Items from a data source:
◆ ◆ ◆ ◆ ◆ ◆ ◆

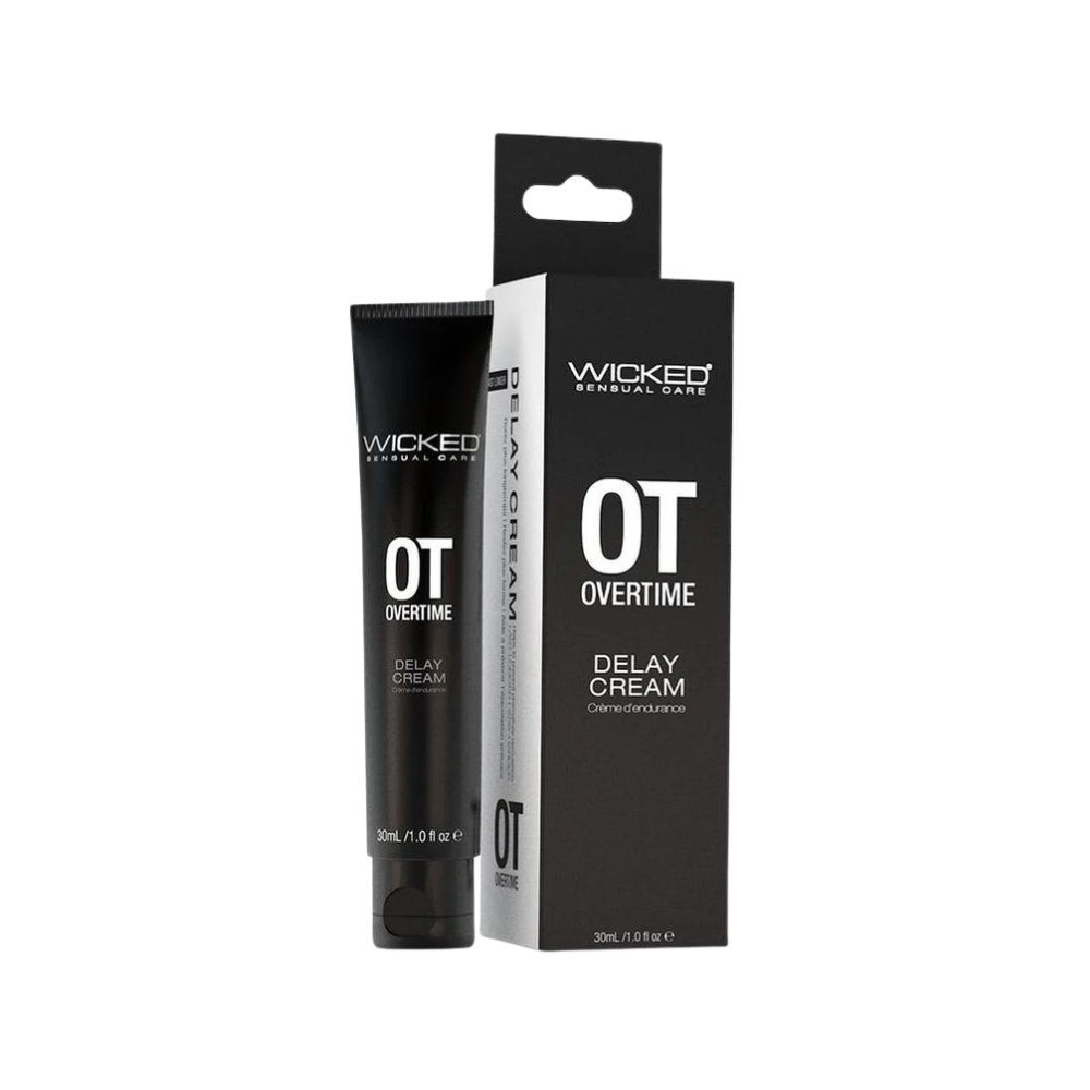 Wicked OverTime is a fast-acting, no-prescription delay cream formulated to help you last longer and enjoy more control during intimate moments. With 5% benzocaine, this gentle desensitizing cream slightly reduces sensation on the penis, helping ease overstimulation so you can stay present, confident, and connected for longer.
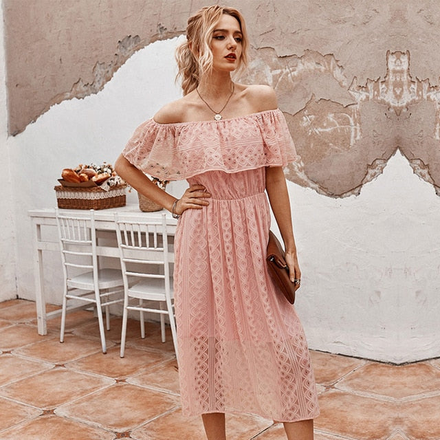 2021 New Ladies Elegant Summer Lace Off The Shoulder Dress Women Casual Slash Neck Solid High Waist Mid-calf Dress
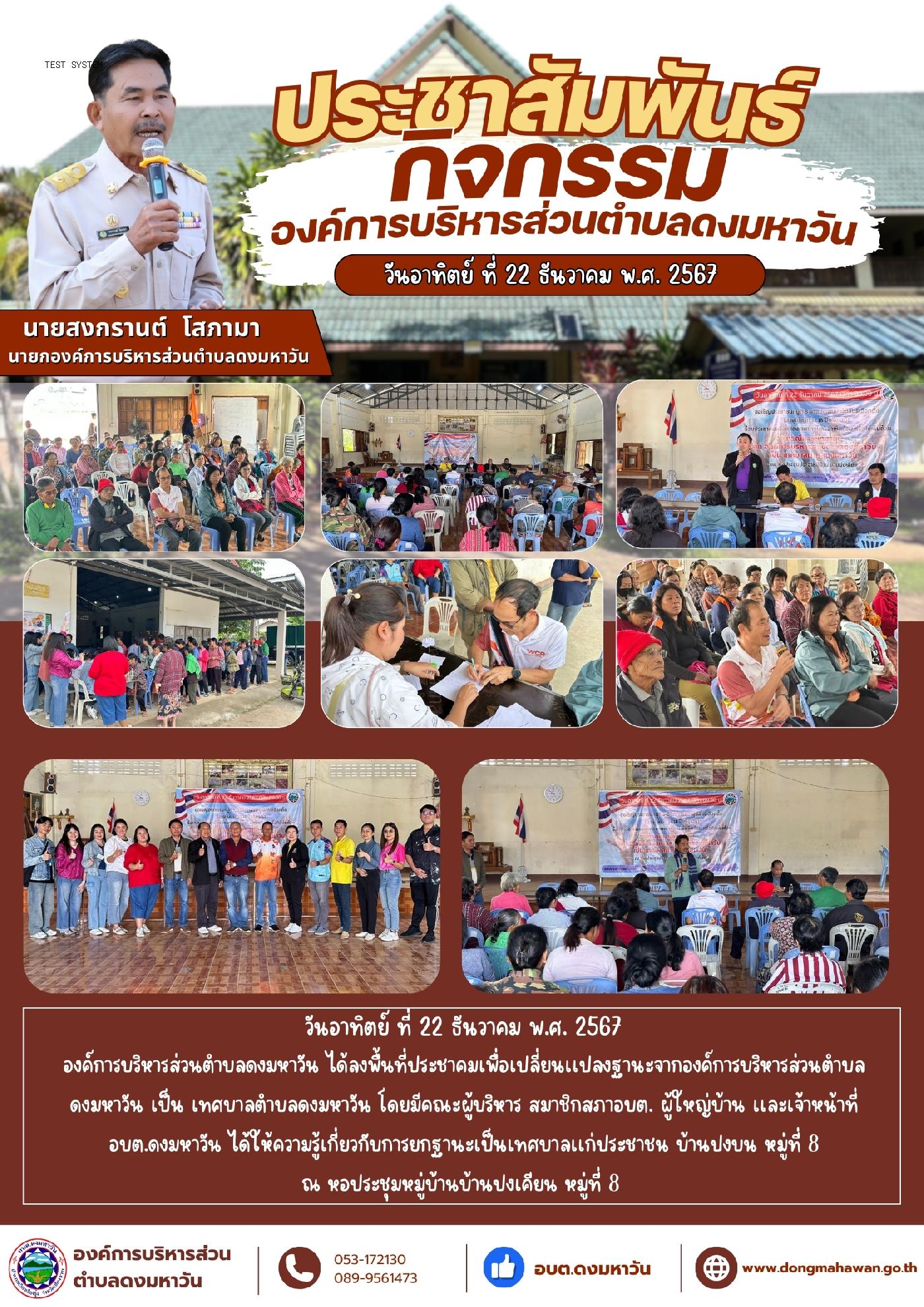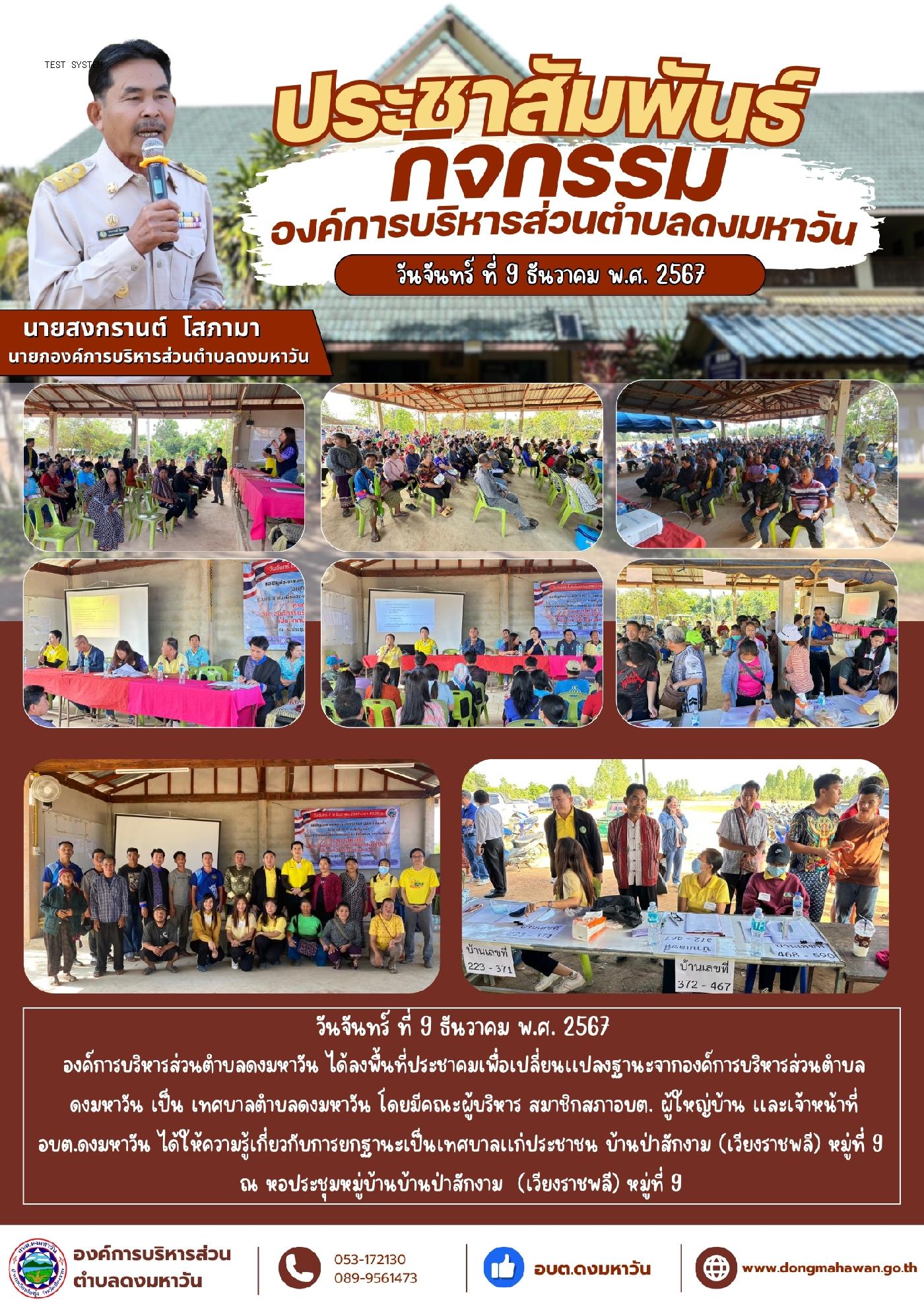 ประชาคมยกฐานะ องค์การบริหารส่วนตำบลดงมหาวัน เป็น เทศบาลตำบลดงมหาวัน หมู่ที่ 9 ป่าสักงาม
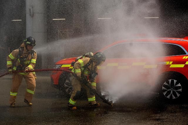 14日,釜山消防灾难本部消防员在模拟电动车火灾救援现场。【图片提供 韩联社】
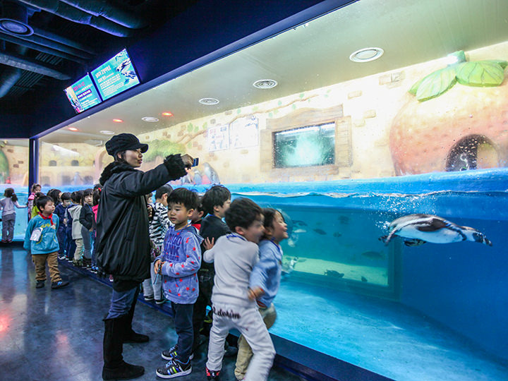 在企鹅水槽,您可以看到约20只圆滚滚的企鹅撒娇搬的一个接一个潜入水里,十分可爱。
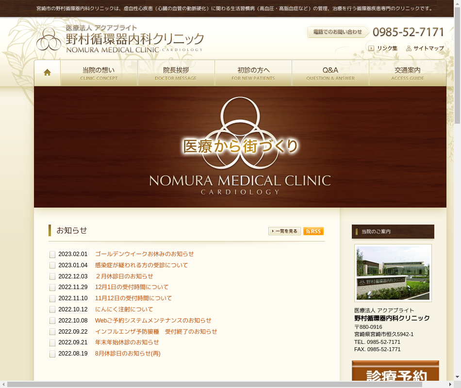 | 事業内容 | 無床診療所(主に循環器疾患)健康に関する様々な分野の情報提供及び活動 |
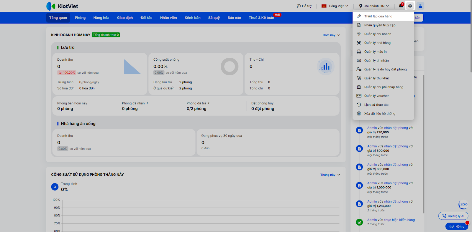 (1) Truy cập vào Thiết lập → Thiết lập cửa hàng.
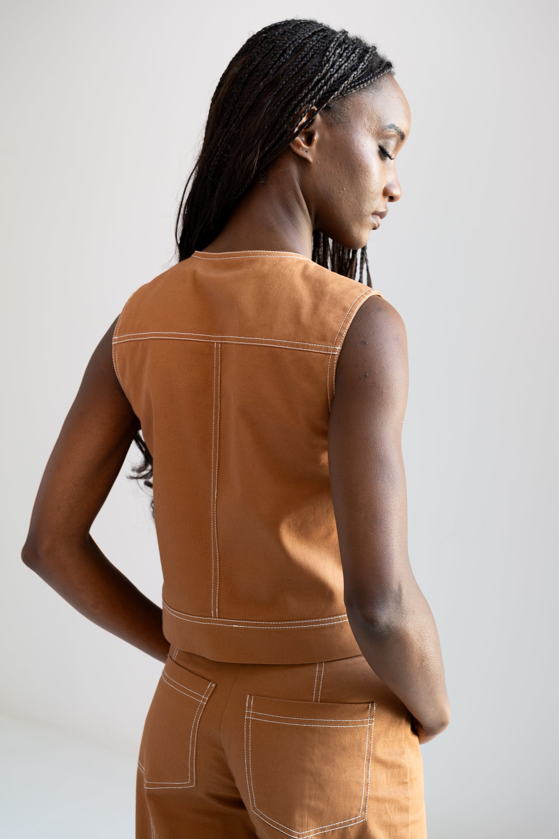 Chaleco con carteras frontales y pespuntes en contraste. Corte recto, escote en “V” y cierre frontal con botones.
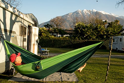 ULTIMATE COMFORT & LIGHTWEIGT- softer & stronger than most hammocks - feel the soft silky touch and the breathable strong parachute 210T nylon. IDEAL FOR HIKERS, TRAVELERS AND KIDS. 108 * 55 in / 2750 * 145 cm. Weighs only 1.0 lbs / 430 g (without straps).
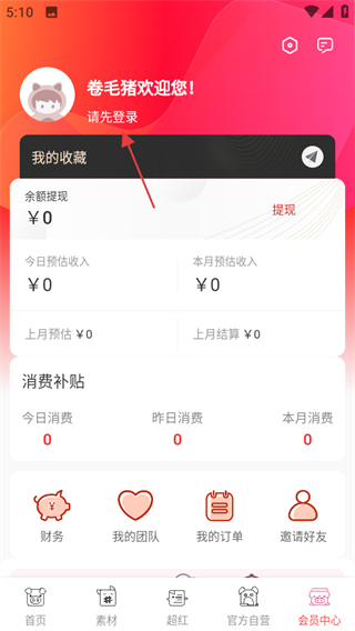 1、打開卷毛豬,點擊頁面右下角會員中心,可進入會員中心頁面。
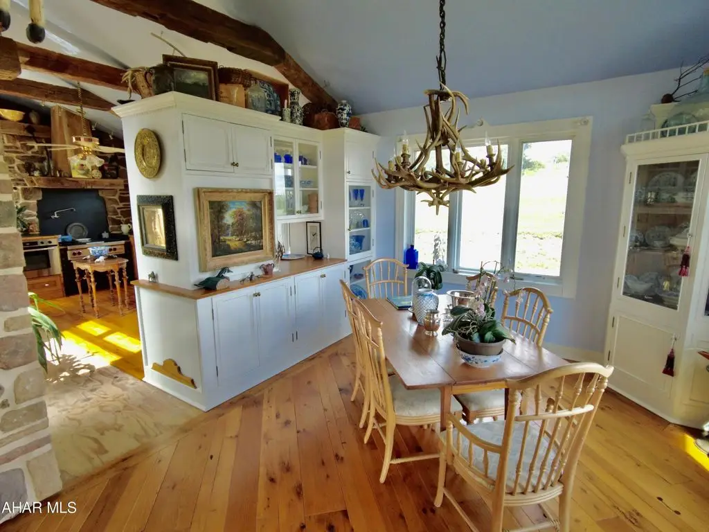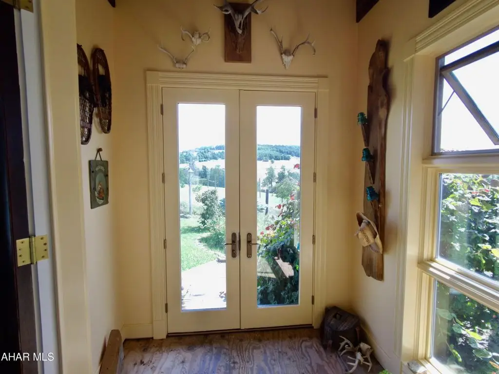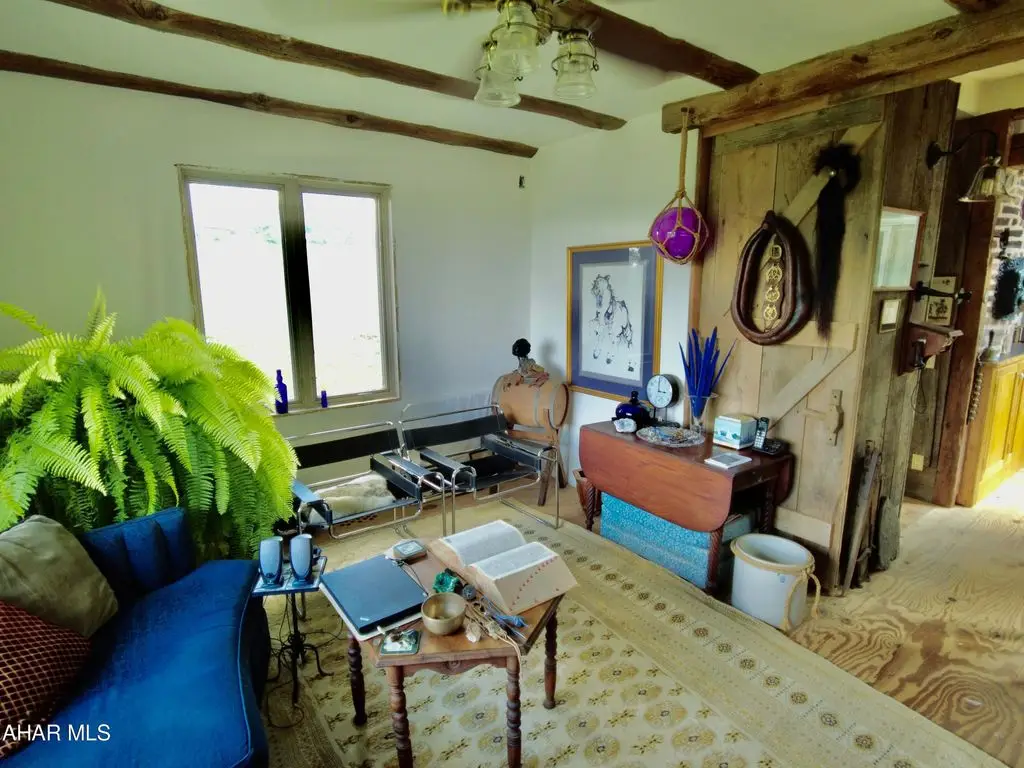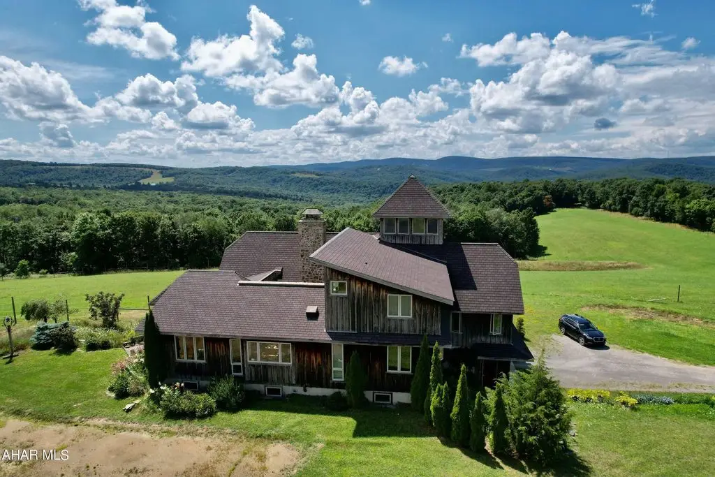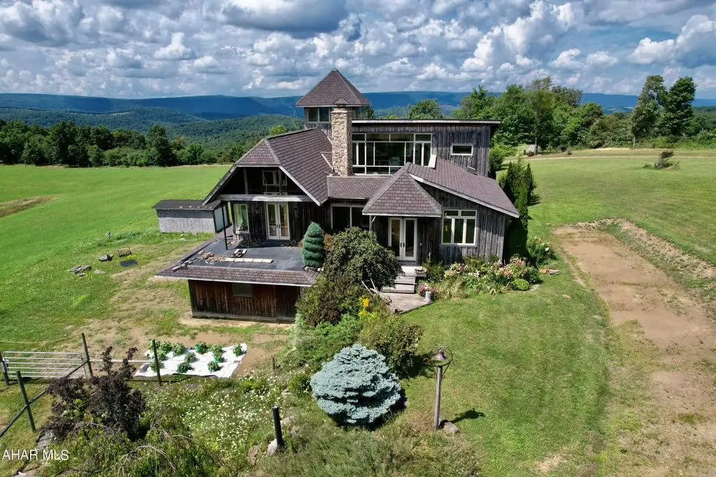 Check out the virtual tour! Experience the many unique 'facets' of this 'one of a kind GEM' overseeing Pennsylvania's Laurel Highlands' mountains.Perched high up, one has a commanding 360 degree view of the surrounding mountains and valleys ... some, 30 miles away! Easy access to main roads for convenience. Your own 'slice of heaven' in 'God's Country.' A masterpiece of thoughtful, intuitive design combines the ambiance of 'The Warm Hearth' meets 'Contemporary Aesthetics'. Comfort and convenience are intertwined throughout every aspect of the home and provenance abounds. Many building materials and finds (most locally sourced) are from centuries past and re-purposed in imaginative ways, contributing to the tenor of this home. Designed for the connoisseur with a discerning eye for quality and detail. Ingenuity, humor as well as functionality and comfort. Delight in the airy, sun filled open spaces enabling connectivity as well as peace and quiet. Explore from the foyer's (now interior) 'antique, 1860's, 8 foot+ high, walnut double entry doors to the 4'' level observation tower, experiencing each unique space that contributes to the home's overall continuity. The gourmet kitchen is designed for the serious chef with intuitive, convenient functional amenities. Bon Appetite! Top stainless steel appliances. The cabinets are custom built on site, hand crafted wormy chestnut, slate counter tops with antique white oak edges with antique nail heads, soapstone farmers sink. Adjacent 'butlers' cabinets are highly detailed, solid wood, painted white with antique chestnut counter. These cabinets continue into the adjoining dining room. A custom, one of a kind, china cabinet is lined with the wormy chestnut. The flooring is made from 200 + year old antique white oak beams ... exquisite. Half bath has custom wormy chestnut wainscoting and trim. Floating 3 C/B?B=' thick spalted pine counter with antique copper sink, floor is pegged antique grainery wood planks. Antique barnwood sliding door on authentic track.Careful consideration has gone into all design aspects from the imported antique French door handles/levers, the huge, bright horse stalls and management to the landscaping (including a purple beech tree). Marvel at the amazing emerging sunrise, the spectacular blazing sunsets and the expansive starry night sky complete with the Milky Way! There is still work to be completed in some rooms. Most of the materials are on site which include trim, flooring, lighting with ceiling fans to be installed. The hard parts are done.Oil, gas, and mineral rights convey with sale.Follow this link to see extra photos:https://photos.app.goo.gl/8dJf8s6PCxnmZSFs5

◆ ◆ ◆ ◆ ◆ ◆ ◆

- **TASK TO CARRY OUT**:
Print, word for word, the lines above that run from the line containing "(1) Truy cập" to the line containing "1、打開卷毛豬,點擊頁面右下角會員中心,可進入會員中心頁面。", both included. Keep the pictures out.

- **REPLY TO THE EXERCISE**:
 (1) Truy cập vào Thiết lập → Thiết lập cửa hàng.
 Chaleco con carteras frontales y pespuntes en contraste. Corte recto, escote en “V” y cierre frontal con botones.
 ULTIMATE COMFORT & LIGHTWEIGT- softer & stronger than most hammocks - feel the soft silky touch and the breathable strong parachute 210T nylon. IDEAL FOR HIKERS, TRAVELERS AND KIDS. 108 * 55 in / 2750 * 145 cm. Weighs only 1.0 lbs / 430 g (without straps).
 1、打開卷毛豬,點擊頁面右下角會員中心,可進入會員中心頁面。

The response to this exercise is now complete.